Superworms could replace beetles for cleaning skeletal remains 11%

By Jennifer Ouellette10%

7/1/2026, 6:59:21 PM

BS Summary: This article contains 20 faulty reasoning types, including Hasty Generalization, Confirmation Bias, and Negativity Bias, with Overconfidence Bias as the most egregious example at 15.7% saturation with 96 hits. Analysis detected 832 faulty-reasoning hits from 612 analyzed words, generating a BS Score of 28% and a BS Rank of 11% (19,514 of 21,887 articles). This article is better (less manipulative) than 89.20% of the article peer group.

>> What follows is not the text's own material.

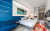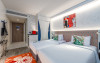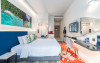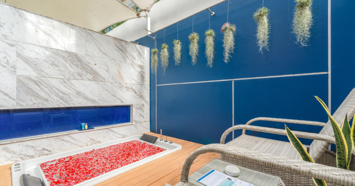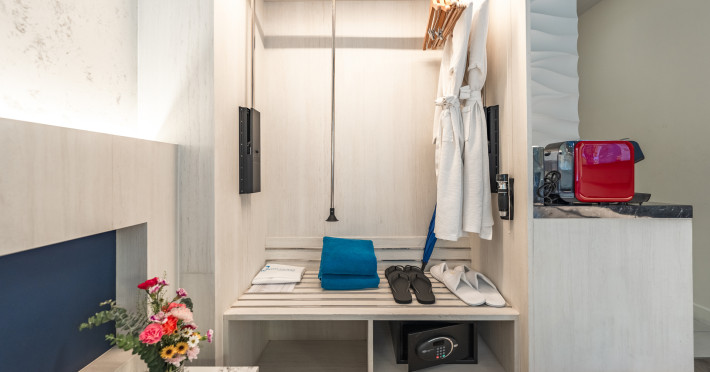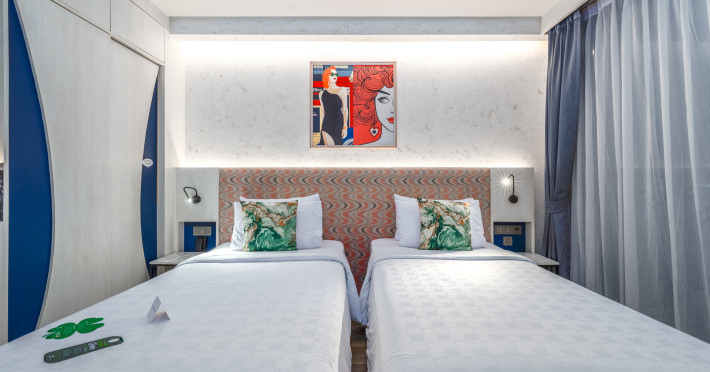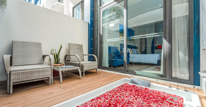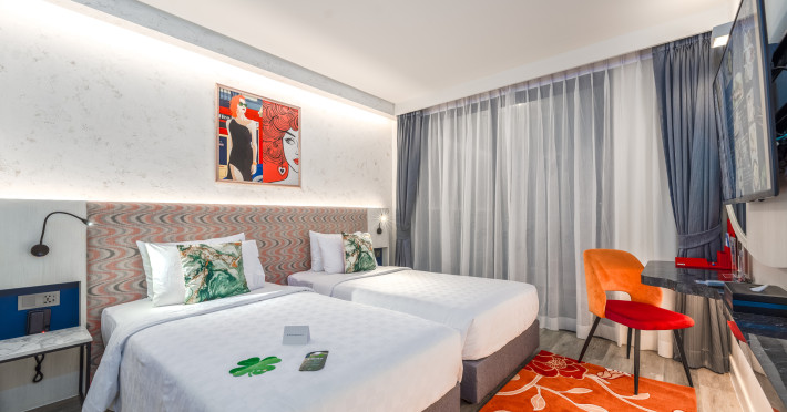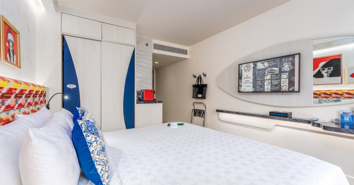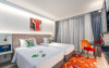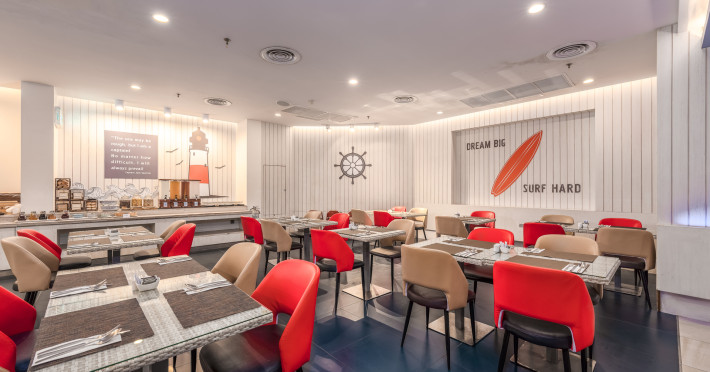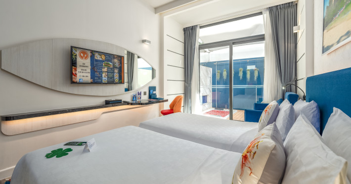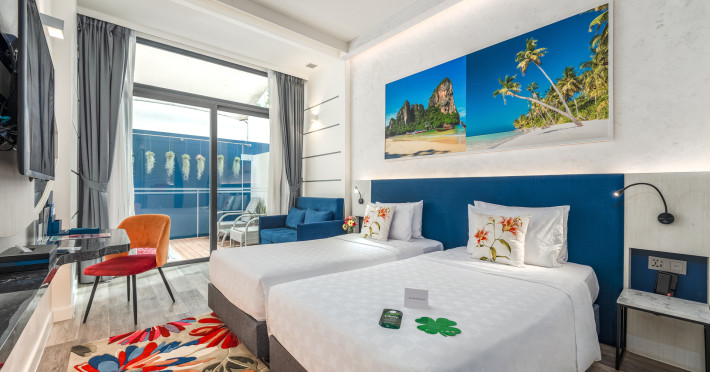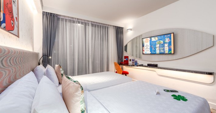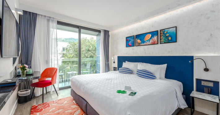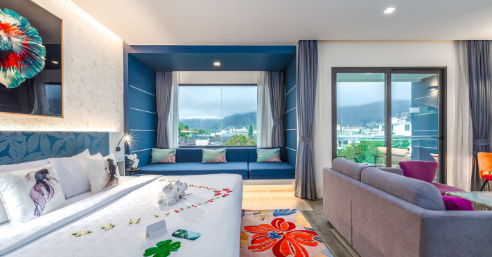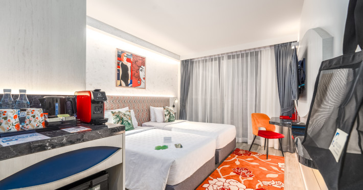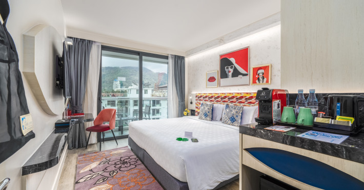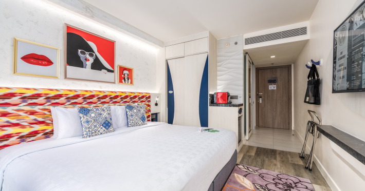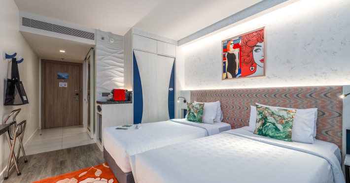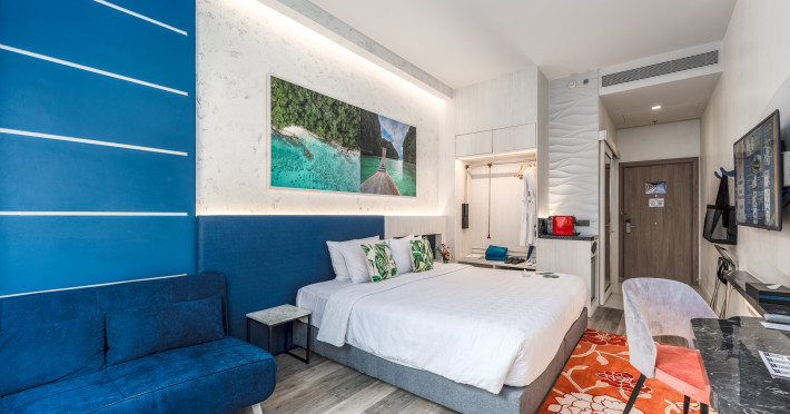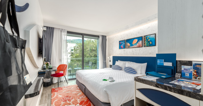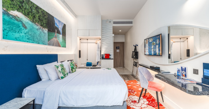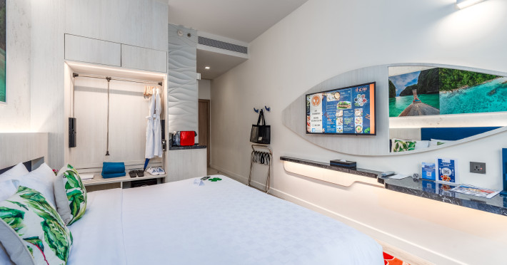 The hotel Hotel Clover Patong Phuket is located approximately 700 m from a public beach and about 500 m from the sea. The nearest bars and restaurants can be found at a distance of around 200 m. The old town is around 16,4 km away. A supermarket and other shops you reach after around 1,7 km. There is a 24h shuttle between the hotel and the airport 24h a day. On the beach are beach towels available. The GPS-verified hotel is equipped with a 24h reception (check-in is possible around the clock), a lobby, Wi-Fi, internet access, a lift, a jacuzzi, showers and changing rooms, a first aid kit, parking spaces (limited) as well as a TV lounge with satellite TV. Outside there is a separate and an integrated children's pool, where sun loungers, sun umbrellas and pool towels are available for free. Furthermore, you can relax outdoors on the roof terrace. You can store your valuables in the safe, and your luggage in the hotel`s storage room. In addition, the hotel Hotel Clover Patong Phuket is video-monitored 24h a day. For very young guests, kid`s chairs, highchairs and cots can be provided. There is also a laundry and ironing service. Ironing equipment can also be borrowed at the hotel. For your comfort the hotel page will ensure you are looked after. If necessary, you can contact the medical centre at any time. Guests at the accommodation can get a wake-up call from the hotel personnel. The energy supply is 220, 110 and 120 Volts. In addition, the hotel sells tickets for excursions. For guests on their honeymoon, the hotel has special offers such as a romantically-decorated room, personalised rooms/articles, rooms with a particularly romantic location and view, romantic dishes in the restaurant, champagne, sparkling wine, a basket of fruit or flowers in the room. In your hotel, a lot of focus is placed on sustainability. This includes the hotel`s own recycling bins, the provision of soap and shampoo dispensers, a central room air-conditioning and environmentally-friendly cleaning. The hotel requires that all guests pay a deposit upon arrival. Euro/Master Card, JCB and Visa are accepted as means of payment. Due to its barrier-free facilities , such as separate, barrier-free entrances, wheelchair accessible rooms, a handrail in the elevator and wheelchair-accessible bathrooms, the hotel is also suitable for wheelchair users. Catering As catering services the hotel offers half board, full board and breakfast only. Breakfast is offered American, continental, from the buffet or à la carte. Enjoy your lunch as a set meal or à la carte with starters, salads and desserts (extras on request). Dinner is also served as a buffet, as a set meal or à la carte with starters, salads and desserts (extras on request). Half board includes breakfast, lunch and dinner. When booking all-inclusive, one welcome drink is included. As part of the all-inclusive service, water (24h) is available around the clock and at no extra charge. For the meals, there are a restaurant (calorie-reduced, gluten-free and vegetarian dishes) and the cafeteria, the pool bar as well as a sky bar. The drinks menu of the hotel includes water, soft drinks, coffee and tea, beer and wine. You can take part in the cooking classes offered by the hotel during your stay. Distances

Preparing skeletal specimens for display in museums or for forensic studies requires the bones to be thoroughly cleaned to remove any remaining flesh or soft tissue. 
However, the need for thorough cleaning must be balanced against the risk of damaging the actual bones. 
According to a new paper published in the journal PLoS One, the larvae of so-called “superworms” (Zophobas morio)—a common pet food—offer a practical alternative. 
There are existing methods for cleaning skeletal remains, such as burial, digestive enzymes, or chemical treatments. 
But most have drawbacks, including damaging bones, taking a long time to process, having expensive operational costs, or the use of environmentally hazardous substances. 
Using dermestid beetles has become the preferred method for skeletal cleaning since they can efficiently remove soft tissue without damaging the bone. 
The downside is that without strict containment practices, the beetles can escape and lay eggs that hatch, leading to infestations that threaten museum collections. 
Fatemah Rastekar of Ferdowsi University of Mashhad in Iran and co-authors thought superworms might bring the same benefits as the beetles without the risk of infestation. 
For one thing, beetle colonies span all life stages and hence require complex containment; superworm cleaning only requires the larval stage, which lasts 10–12 weeks compared to just five to seven weeks for the beetles. 
And the larvae don’t pupate in crowded conditions, so it’s easier to manage the colonies while reducing the risk of escape. 
But could superworms match the cleaning efficiency of their rival beetles? 
As the worm turns 
To find out, Rastekar et al. collected several donated specimens of various sizes and species and cleaned them using commercially available superworms: an Egyptian rosette, a house mouse, a little bittern, an alligator gar, a Eurasian eagle-owl, a rook, a wild cat, and a gray wolf. 
They also performed a parallel experiment for comparison, cleaning the skeleton of a marbled polecat using a conventional boiling method to remove the flesh. 
All the specimens were skinned first, and the team removed any excess flesh and internal organs. 
Each specimen was weighed and put in the same-sized containers filled with superworm larvae to determine the optimal ratio of larvae to specimen for thorough cleaning without damaging bones. 
The team rotated larger specimens every six to eight hours into fresh containers. 
After each cleaning session, the larvae were fed fruit or vegetable peels, since feeding only on flesh can prevent the superworms from molting or even hasten their death. 
Any waste materials were removed regularly to maintain hygienic conditions. 
Once the larvae were done chowing down, the skeletons were removed from the containers and rinsed with warm water to remove any residual larvae or tissue. 
While they did briefly immerse the skeletons in a 1 percent bleach solution, the authors cautioned that this can damage bone tissue, so it’s not recommended. 
Finally, the skeletons were coated with a clear gloss varnish spray to prepare them for display. 
(This step would be skipped in a forensic setting, since varnish sprays are not ideal for things like CT analysis.) 
The result: A ratio of 10 to 15 grams of larvae per gram of animal specimen proved the most optimal, minimizing cleaning time while not damaging any bones. 
Once the optimal ratio had been established, Rastekar et al. conducted follow-up tests on three small bird skulls, with similar results. 
The authors recommend using larger containers for medium to large specimens to reduce cleaning time and the need to reposition them frequently. 
“Altogether, these findings demonstrate that superworms provide an adaptable and effective alternative for skeletal preparation in museum and research settings,” they concluded. 
PLoS One, 2026. 
DOI: 10.1371/journal.pone.0349669 (About DOIs).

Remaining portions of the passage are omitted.